Domain VI: Deployment

  • In which environments will your solution be developed, tested, and deployed?
  • What risks are associated with deployment?
  • Which parties need to be involved in bringing your solution into production, and what will be required of them?
  • What differences do you anticipate between deployment and testing, and what is needed for your solution to address these differences?
  • What tests will you design to validate the solution and its implementation in its new environment?
  • Who will be involved in user acceptance testing, and what criteria will be used for the solution to pass?
  • What training needs to be established to align with deployment?
  • Are you prepared to provide corrective action if deployment fails?
  • Has a failover and rollback plan been established prior to deployment?

Domain VII: Analytics Solution Lifecycle Management

  • Do you have a plan to train your model on new data after it is deployed?
  • How will you monitor and evaluate the ongoing effectiveness and business value of your solution?
  • Since your deployment environment may change over time, how might those changes alter the effectiveness of your solution?
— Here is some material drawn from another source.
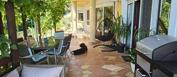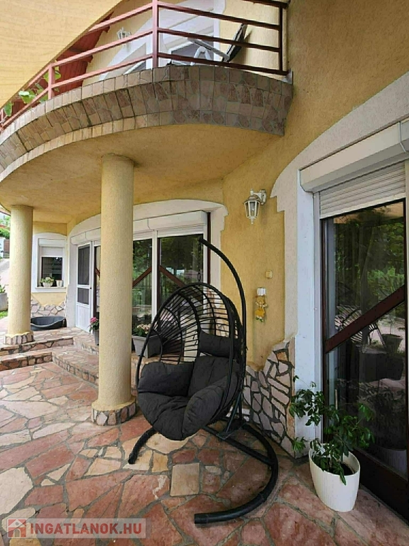 A házhoz két terasz, az emeleten pedig egy erkély tartozik, ahonnan kellemes kilátás nyílik a rendezett, gondozott kertre. Az autók biztonságos parkolásáról dupla garázs gondoskodik.

  • What methods for anomaly or erroneous output detection are in place as part of solution performance management?
  • How might the original problem statement evolve over time, and how would those changes affect solution requirements?
  • What continuous monitoring is in place for privacy, access control, assurance, reliability, and security management?
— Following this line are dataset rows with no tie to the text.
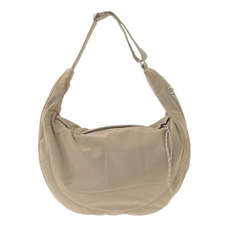 [型番:06001396900]トレンドライクな三日月型のワンショルダーバッグ。ドロストコード付きでシルエットを変えるアレンジをお楽しみいただけます。軽量素材とたっぷり荷物が入る収納力も嬉しいポイント。ボディラインに馴染むフォルムで様々なコーディネートに合わせやすい万能アイテムです。※モデル着用画像は、光の当たり具合で色味が違って見える場合がございます。※お使いのモニター環境によって商品の色味が違って見える場合がございます。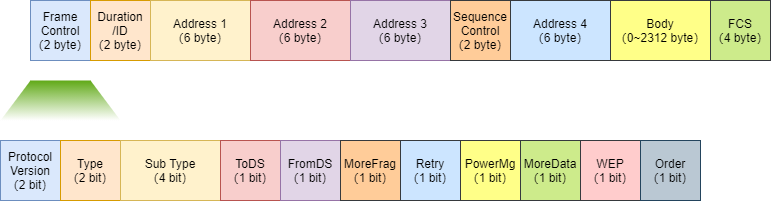 通常数据帧的 Address 1 表示目的地址,Address 2 表示源地址,Address 3 表示 BSSID 信息。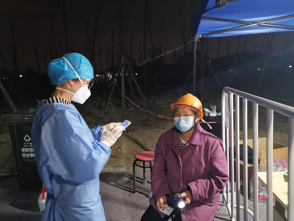 3月13日晚上8点,在上海嘉定区马陆镇包桥村的核酸检测点,身为党员的赵燕身着蓝色防护服,正耐心地用自己的手机,给70岁的村民吴阿姨录入核酸检测信息。

  • How will you identify unforeseen consequences during ongoing deployment (e.g., security vulnerabilities, changes in user behavior)?
  • Has a plan been created to transition solution management and maintenance responsibilities to a new owner?
  • Can your solution be rereleased with new capabilities as required (e.g., build, release)?
  • What measures are in place to continuously assess the data received by the model?
  • How will your solution be archived, retired, or disposed of when it is no longer used, and how could it be reactivated if needed?